Each custom entry is a dict with keys name, data, sens_attr, and
optionally priv_group (default 1):
import pandas as pd
from skfair.experimentation import Experiment
# Your own data
X = pd.DataFrame({"feat1": [1, 2, 3, 4], "feat2": [5, 6, 7, 8], "group": [0, 1, 0, 1]})
y = [0, 1, 0, 1]
exp = Experiment(
datasets=[
"ricci", # registry dataset
{"name": "my_data", "data": (X, y), # custom dataset
"sens_attr": "group", "priv_group": 1},
],
methods=["Baseline"],
n_splits=2,
)
results = exp.run()
Use exp.dataset_names to get a clean list of names (without the internal dict details).
YAML configuration¶
Experiments can also be defined via YAML configuration files:
exp = Experiment.from_config("config.yaml")
results = exp.run()
Or pass the YAML path directly to the constructor:
exp = Experiment(config="config.yaml")
YAML save section¶
The save: block controls automatic output after run() completes:
save:
results_csv: true # write results DataFrame to {path}.csv
object_pkl: true # pickle full Experiment to {path}.pkl
report_html: true # generate HTML report to {path}.html
path: outputs/my_experiment # base path (without extension)

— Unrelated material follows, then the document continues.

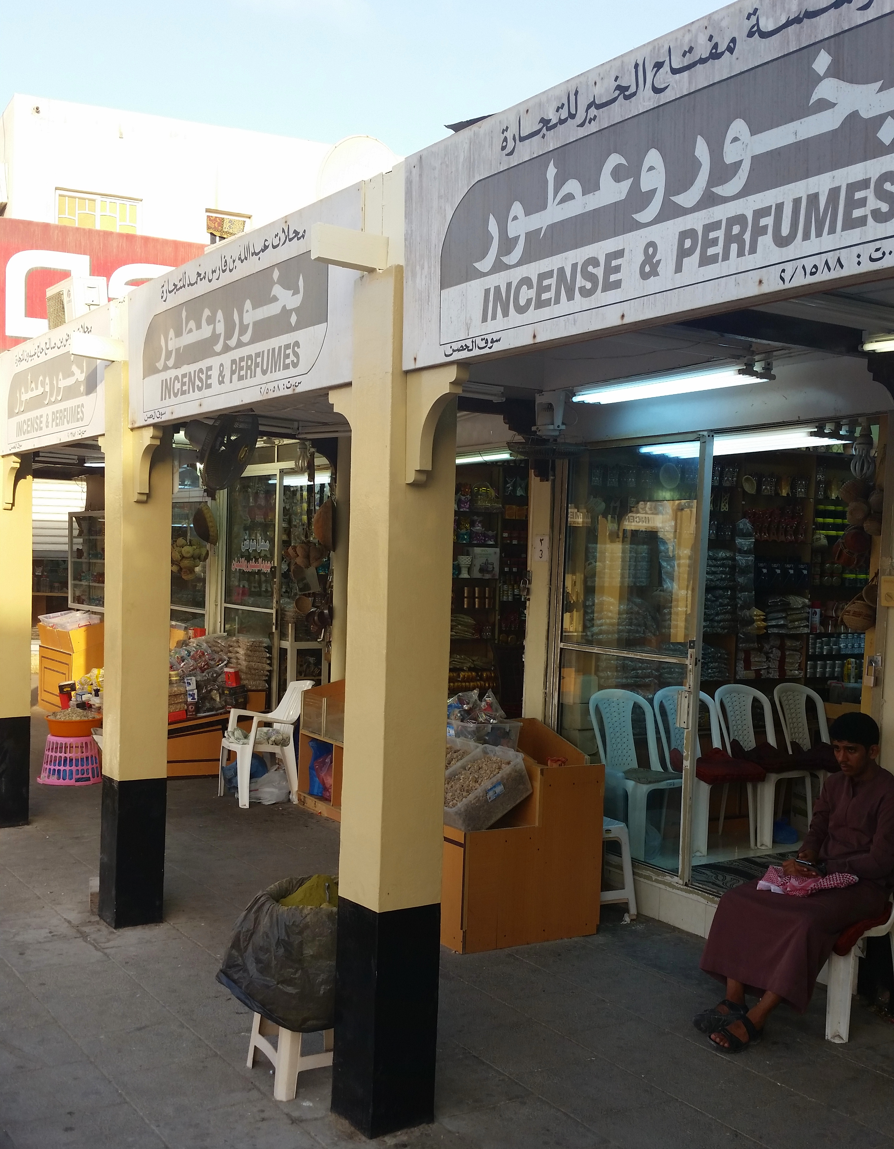 Alhusn-market-4

These map 1:1 to the Python constructor flags save_results_csv, save_object_pkl, save_report_html, and save_path.
YAML save_models section¶
The save_models: block (separate from save:) controls model persistence:
save_models:
full_data_retrain: true # retrain on full data before saving (default)
models: all # save all combinations
# or save specific combinations:
save_models:
full_data_retrain: true
models:
- method: FairSmote
classifier: LogReg
- method: Massaging
classifier: LogReg
Models are saved as .pkl files in a {save_path}_models/ directory.
YAML schema reference¶
| Top-level key | Sub-keys | Notes |
|---|---|---|
datasets |
name, sens_attr, priv_group |
List of dataset entries; name is required |
methods |
— | List of method name strings |
classifiers |
path, name, plus any constructor kwargs |
path is a dotted import path (e.g. sklearn.linear_model.LogisticRegression) |
cv |
n_splits, random_state |
Cross-validation settings |
audit |
bias, fairness |
Boolean flags for auditing |
metrics |
— | List of metric keys (omit to use all registered) |
save |
results_csv, object_pkl, report_html, path |
Auto-save options |
save_models |
full_data_retrain, models |
Model persistence options |
End-to-end: YAML to HTML report¶
A complete pipeline in three steps:
1. Define — write a YAML config with save.report: true:
datasets:
- name: adult
- name: compas
methods:
- Baseline
- FairSmote
- Massaging
classifiers:
- path: sklearn.linear_model.LogisticRegression
name: LogReg
solver: liblinear
max_iter: 1000
cv:
n_splits: 5
save:
results_csv: true
object_pkl: true
report_html: true
path: outputs/my_experiment
2. Run — two lines of Python:
from skfair.experimentation import Experiment
exp = Experiment.from_config("config.yaml")
results = exp.run()
3. Result — three files are auto-generated:
outputs/my_experiment.csv— results DataFrameoutputs/my_experiment.pkl— full Experiment objectoutputs/my_experiment.html— interactive HTML report (see Comparison — HTML report for report contents)
Post-run analysis¶
ComparisonReport¶
Convert results to a visual comparison report (see Comparison):
report = exp.to_report()
report.plot_metric_bar(metric="accuracy")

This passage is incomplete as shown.